Герцогиня Неверская дрожала, слушая их, и испугалась еще больше, когда Лаго привел их к гулкому водопаду и рассказал о своей страшной схватке с принцем Гонзага на краю зияющей пропасти, отверстой в вечность.
Лагардер, конечно же, знал, что Антонио способен на самопожертвование, но все же с трудом верил своим ушам.
– Вы можете гордиться, Аврора, что вдохновили его на такие подвиги, – шепнул он своей невесте.
– Как нам отблагодарить его? – отозвалась девушка. – Ведь ради нас он десятки раз рисковал жизнью.
– Позвольте мне отдать эту жизнь за вас, если представится случай, – просто сказал баск. – Пока что я всего лишь рискнул ею, и вы мне ничего не должны.
– Неужели вы бы сделали это для кого угодно? – спросил Анри.
Горец тряхнул головой.
– Наверное, если бы речь шла о женщине. Впрочем, теперь, когда я узнал всех вас, я бы поступил так ради любого из своих друзей.
Это было сказано без всякого бахвальства; Лаго пожал протянутые ему руки, и лицо его не выразило ничего, кроме чувства удовлетворения от сознания выполненного долга.
Есть натуры, для которых самопожертвование – непреложный закон жизни. Они обладают благородством сердца, и такое благородство бесценно. Этим же замечательным качеством отличалась и донья Крус, так что Шаверни понимал: принимая титул маркизы, она удостаивает его большой чести. Цыганка и горец, стоявшие перед ним, за один лишь час выказали столько храбрости, сколько ему, быть может, не дано будет проявить за всю жизнь.

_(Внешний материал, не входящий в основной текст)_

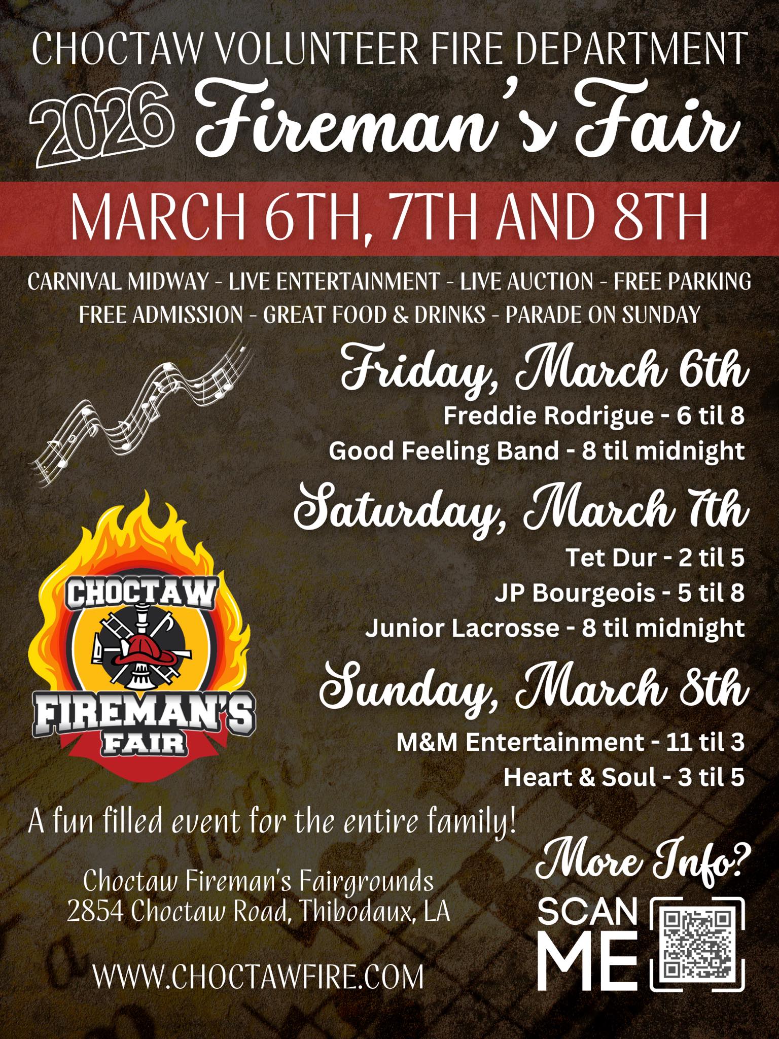 Thrown by the Choctaw Volunteer Fire Department, the Fireman's Fair is a fun 3-day celebration for the whole family. Enjoy live music, great Cajun food, amusement rides, a live auction, and a parade on Sunday.
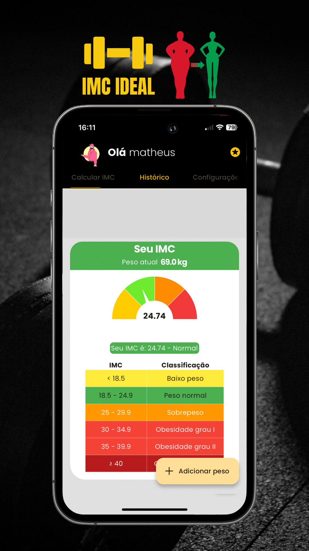 IMC adulto, IMC criança, IMC classificação... Personalize tudo no seu perfil!
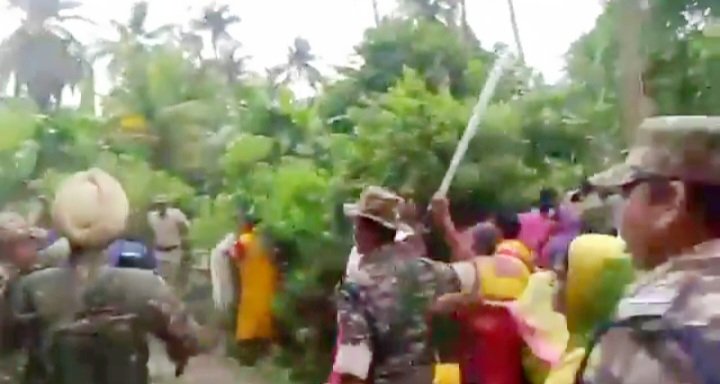 मतदाताओं पर लाठीचार्ज करते सुरक्षाबल।
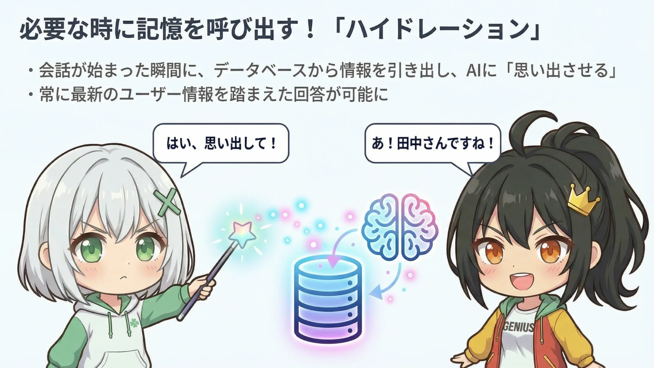 - ハイドレーション:推論前にデータベースから文脈を取得してAIに注入
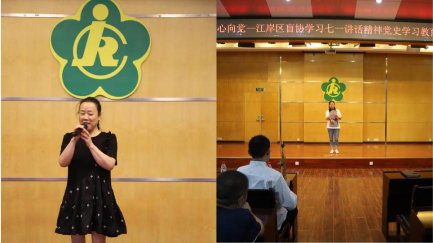 活动现场,江岸区盲协副主席范晓东与盲协秘书长张莹诵读了习近平总书记在庆祝中国共产党成立一百周年大会上的讲话的重要内容,和现场朋友一起重温党的百年征程,感受祖国的沧桑巨变,牢记初心使命,坚定理想信念。

Именно теперь он понял разницу между тем, чему научился в «школе» своего славного кузена, и тем, что получил, следуя за Лагардером. Он оставил дурной путь ради доброго. Отныне он входил в союз людей, нерасторжимо связанных жестокими испытаниями, соединенных любовью, дружбой и взаимной благодарностью и достаточно сильных для того, чтобы бросить вызов любому злу и победить его.
Выйдя из подземного хода, юные невесты тоже ощутили прилив мужества. Они были рады, что посетили место своих страданий, и с нежностью смотрели на любимых женихов, улыбаясь при мысли о том, что Лагардер и Шаверни непременно защитят своих избранниц от любых невзгод.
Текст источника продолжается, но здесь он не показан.